Task: Given the records underneath, please repeat exactly the lines from the line with "最高位賞を受賞した酪農学園大学の出品牛" through the line with "spiegelt. Wij zetten", passing over any picture.

------ Data for this exercise ------

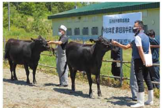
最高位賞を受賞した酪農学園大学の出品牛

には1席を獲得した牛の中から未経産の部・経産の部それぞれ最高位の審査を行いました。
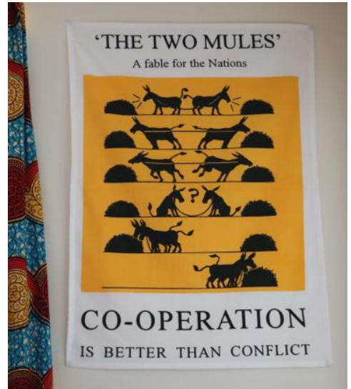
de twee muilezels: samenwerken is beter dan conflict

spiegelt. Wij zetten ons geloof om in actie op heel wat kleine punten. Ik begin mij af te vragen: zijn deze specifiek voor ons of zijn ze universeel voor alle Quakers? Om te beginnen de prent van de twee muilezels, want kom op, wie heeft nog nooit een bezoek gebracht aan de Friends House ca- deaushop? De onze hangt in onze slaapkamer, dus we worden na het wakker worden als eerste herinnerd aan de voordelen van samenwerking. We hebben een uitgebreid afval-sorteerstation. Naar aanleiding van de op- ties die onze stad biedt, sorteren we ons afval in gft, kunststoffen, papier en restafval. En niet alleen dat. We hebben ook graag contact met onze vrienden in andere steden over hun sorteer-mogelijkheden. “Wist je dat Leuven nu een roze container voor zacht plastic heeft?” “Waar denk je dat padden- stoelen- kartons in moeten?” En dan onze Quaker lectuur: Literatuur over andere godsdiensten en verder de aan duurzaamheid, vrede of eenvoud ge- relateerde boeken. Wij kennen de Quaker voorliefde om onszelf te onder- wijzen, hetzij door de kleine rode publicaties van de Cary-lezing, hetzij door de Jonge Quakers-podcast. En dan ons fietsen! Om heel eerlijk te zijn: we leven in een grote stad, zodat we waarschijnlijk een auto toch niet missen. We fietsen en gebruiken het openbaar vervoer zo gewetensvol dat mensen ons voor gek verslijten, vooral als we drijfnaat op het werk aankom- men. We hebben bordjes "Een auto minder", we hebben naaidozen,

------
------ Data for this exercise ------

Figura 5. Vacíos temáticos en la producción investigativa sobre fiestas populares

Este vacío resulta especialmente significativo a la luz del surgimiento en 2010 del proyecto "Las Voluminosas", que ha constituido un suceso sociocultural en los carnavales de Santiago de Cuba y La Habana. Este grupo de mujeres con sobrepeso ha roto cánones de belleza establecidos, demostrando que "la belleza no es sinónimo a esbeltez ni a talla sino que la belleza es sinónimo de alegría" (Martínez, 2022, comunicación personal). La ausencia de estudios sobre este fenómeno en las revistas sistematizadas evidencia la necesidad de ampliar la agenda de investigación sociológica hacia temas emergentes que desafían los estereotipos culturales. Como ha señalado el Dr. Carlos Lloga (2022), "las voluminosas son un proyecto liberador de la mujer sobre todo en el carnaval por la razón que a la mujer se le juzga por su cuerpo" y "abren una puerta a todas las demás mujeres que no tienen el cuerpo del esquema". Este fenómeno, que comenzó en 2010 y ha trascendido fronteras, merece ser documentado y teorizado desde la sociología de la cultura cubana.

------
------ Data for this exercise ------

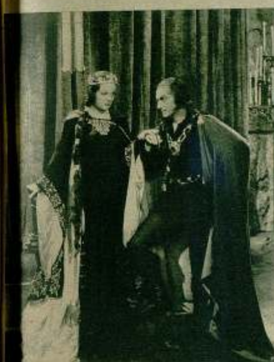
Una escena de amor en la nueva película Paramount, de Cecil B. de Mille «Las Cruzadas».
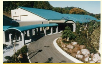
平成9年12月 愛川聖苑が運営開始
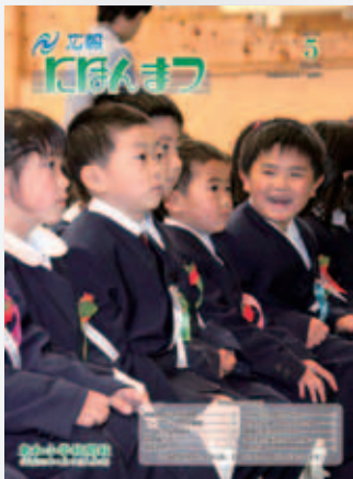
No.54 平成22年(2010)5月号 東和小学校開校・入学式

------

Task result:
最高位賞を受賞した酪農学園大学の出品牛

には1席を獲得した牛の中から未経産の部・経産の部それぞれ最高位の審査を行いました。
de twee muilezels: samenwerken is beter dan conflict

spiegelt. Wij zetten ons geloof om in actie op heel wat kleine punten. Ik begin mij af te vragen: zijn deze specifiek voor ons of zijn ze universeel voor alle Quakers? Om te beginnen de prent van de twee muilezels, want kom op, wie heeft nog nooit een bezoek gebracht aan de Friends House ca- deaushop? De onze hangt in onze slaapkamer, dus we worden na het wakker worden als eerste herinnerd aan de voordelen van samenwerking. We hebben een uitgebreid afval-sorteerstation. Naar aanleiding van de op- ties die onze stad biedt, sorteren we ons afval in gft, kunststoffen, papier en restafval. En niet alleen dat. We hebben ook graag contact met onze vrienden in andere steden over hun sorteer-mogelijkheden. “Wist je dat Leuven nu een roze container voor zacht plastic heeft?” “Waar denk je dat padden- stoelen- kartons in moeten?” En dan onze Quaker lectuur: Literatuur over andere godsdiensten en verder de aan duurzaamheid, vrede of eenvoud ge- relateerde boeken. Wij kennen de Quaker voorliefde om onszelf te onder- wijzen, hetzij door de kleine rode publicaties van de Cary-lezing, hetzij door de Jonge Quakers-podcast. En dan ons fietsen! Om heel eerlijk te zijn: we leven in een grote stad, zodat we waarschijnlijk een auto toch niet missen. We fietsen en gebruiken het openbaar vervoer zo gewetensvol dat mensen ons voor gek verslijten, vooral als we drijfnaat op het werk aankom- men. We hebben bordjes "Een auto minder", we hebben naaidozen,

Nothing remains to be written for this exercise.